Whenever I think of Uncle Harry (who wasn't really my uncle; he was our landlord when I was growing up) I think of three things: Lititz, Pennsylvania where he was born; opera and classic music which he loved; and trips to Manhattan which always included a magical lunch at Horn & Hardart.

Although it pains me to write this, some of you might be too young to remember Horn & Hardart. And it pains me even more to realize that some of you might only know of that wonderful chain of restaurants through an old Doris Day movie but so it goes.

Now I was a tuna salad sandwich kind of girl.

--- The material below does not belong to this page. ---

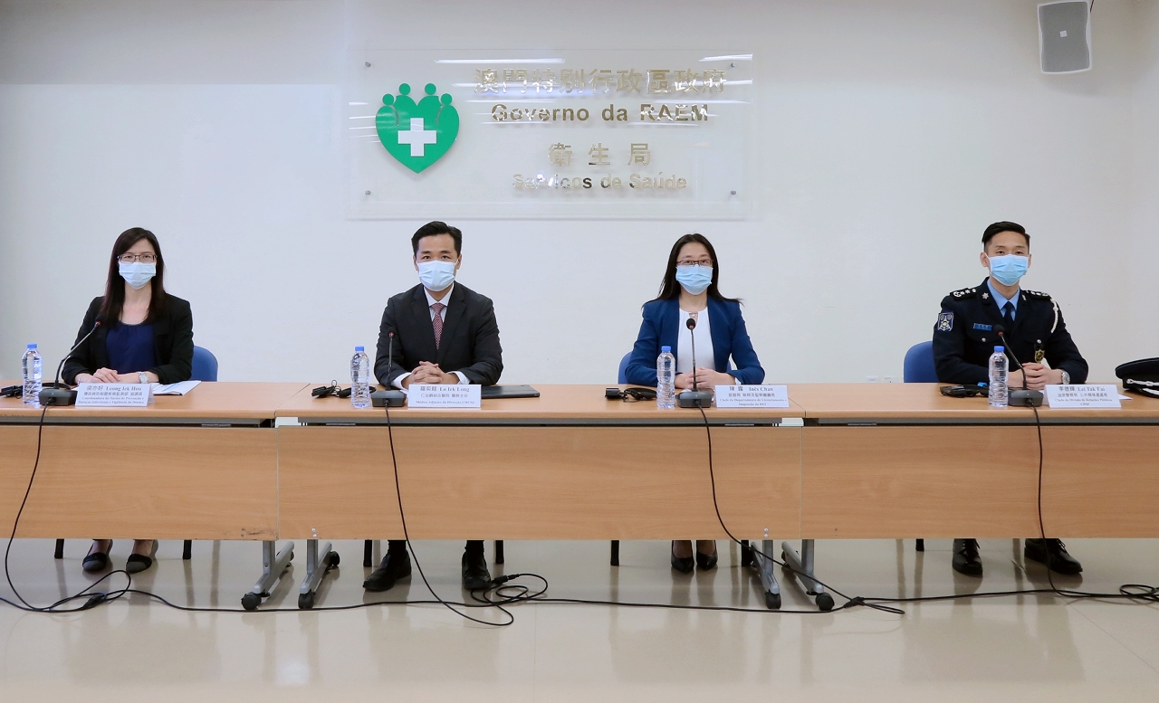 新型冠狀病毒感染應變協調中心(下稱應變協調中心)於今(12)日舉行例行記者會,仁伯爵綜合醫院羅奕龍醫務主任、旅遊局執照及監察廳陳露廳長、治安警察局公共關係處李德輝處長、疾病預防控制中心傳染病防制暨疾病監測部梁亦好協調員共同會見傳媒。

I lived for that moment when I slid my quarter into the slot and the little glass door opened so I could remove my treasure. But as good as that sandwich always was, nothing compared to dessert: Hermits.

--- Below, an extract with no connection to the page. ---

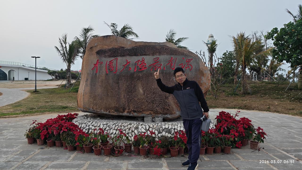 【环国行摄】第三阶段西部篇D21天总第76天:海陵岛—灯楼角。 1.路线:海陵岛—天下第一滩-吴川服务区-湛江市-雷州市-徐闻-灯楼角。 2.今日行驶410公里,累计公里 3.主要景点:天下第一滩,雷州古城,湛江赤坎老街 4.行程: 今天到中国大陆最南端登楼角,全程将近400km。知道今天会很辛苦。所以一早就出发。 先导航中国第一滩、晏镜岭。路上在228国道6366、6433路碑打卡。到了之后那个沙滩也就那么回事儿。要上那个晏镜岭山挺高。看网上也就那么回事吧。无非是登高望远,看海景。没有什么特别的。 路过茂名市南,懒得到市区里,有点远,市区也没有什么值得看的。茂名是全国重要的石油化工基地和能源基地,粤西综合性枢纽城市和沿海重要的港口。 稍事停留之后走人。继续导航湛江火车站。已经好长时间没有洗澡了,又攒了好多脏衣服。所以决定走一段高速。上高速之后在服务区打了凉水开水。洗了衣服,洗了澡,一下子痛快了很多。 路过玛珥湖路口,放弃进去了。“玛珥”一词来源于德文Maar的音译,原意为“海”,特指一种由火山爆发形成的低平火山口中积水而成的封闭湖泊。玛珥湖区别于其它火山口湖的特点是平地爆发,蒸汽、泥石同时喷发后形成火山口。世界上两个最为典型的玛珥湖—中国广东湛江市湖光岩玛珥湖与德国艾菲尔地区玛珥湖。它的形成源于16万年前这里的火山爆发,岩浆喷发后,喷发物堆积在喷出口周围形成犹如围墙的火山碎屑岩环,喷发中心则形成深而圆的盆地,而后积水成湖。但从网上看,景色平平,门票还贵,直接放弃。 之后到湛江赤坎老街,天气很热,和夏天差不多。这个老街太普通了,转了一圈,也没看出有什么特别的,走人。直接导航雷州古城。国道上车非常多,特别是大车很多。虽然路很宽,但开起来非常不爽。到了古城,也没看到什么。只是大街上骑摩托车的横七竖八,真的和蚂蚁一样,一片一片的。不由感叹,人实在太渺小了。 因为时间已经不早,本想到波罗的海的,但要多绕一个小时。此时已经下午4点,已经不现实了。今天必须赶到灯楼脚,太晚了,露营地也不好找了。所以一直向南,路过徐闻县城,都没有停留。就这样赶到灯楼角时,天也已经黑了。匆匆到里面转了一圈,地方倒是挺大。 晚上包了饺子吃。 5.住宿:灯楼脚停车场露营。2026.3.6 6.路况:好,国道车太多。 7.天气温度:晴天,15-23度

See, that's the thing about memory. It can drive you crazy. Periodically I Googled "Horn & Hardart" and "Hermits" hoping against hope that The Recipe would magically appear. It never did but after much experimentation, I finally came up with a recipe a few weeks ago that comes pretty close.


1/2 C butter (softened)
1/2 C shortening
(I made one batch with all butter, another batch all shortening. The all butter version was head-and-shoulders better. Big surprise, right?)
1 1/2 C white sugar
1/2 C unsulphured molasses
2 eggs, lightly beaten
4 C white flour
2 1/4 teaspoons baking soda
2 1/4 teaspoons ground ginger (I prefer 3 teaspoons)
1 1/2 teaspoons ground cloves (I prefer 2 - 3 teaspoons)
1 1/2 teaspoons cinnamon (I prefer 2 - 3 teaspoons)
1/2 teaspoon salt
1 heaping teaspoons table-grind pepper (not finely ground, not super coarse)
(Trust me. The pepper is the secret to the whole recipe. You can leave it out if you must but I highly recommend it.
Granulated sugar to roll cookies

Preheat oven to 350 degrees.

Cream butter and shortening (or all butter or all shortening) with sugar until light and fluffy. Beat in molasses and eggs until thoroughly combined.

Slowly add salt, baking soda, ginger, cloves, cinnamon, and pepper. Gradually stir in flour and mix well. Batter will be very thick and a little stiff.

You might try adding some raisins and/or chopped walnuts. I haven't tried it yet but I'm going to.

Roll pieces of dough into 1 1/2 inch balls then roll in granulated sugar and place on ungreased cookie sheet. (I line the sheet with parchment paper.) Place them 2 1/2 inches apart on cookie sheet.

Bake for 13 minutes. Cookies will flatten out into perfect circles as they bake. They might seem a little "loose" when you remove them from the oven but don't succumb to the urge to bake them a little longer. They tighten up quite a bit as they cool and become soft and chewy and -

Sorry. I stopped to dunk one in a cup of tea.

Give these a try. I think you'll like them.

Bake at 350 degrees for 13 minutes. They'll puff up beautifully and little cracks will form on the tops of the cookies which makes them look extremely cool. (Okay, so I'm easily amused.)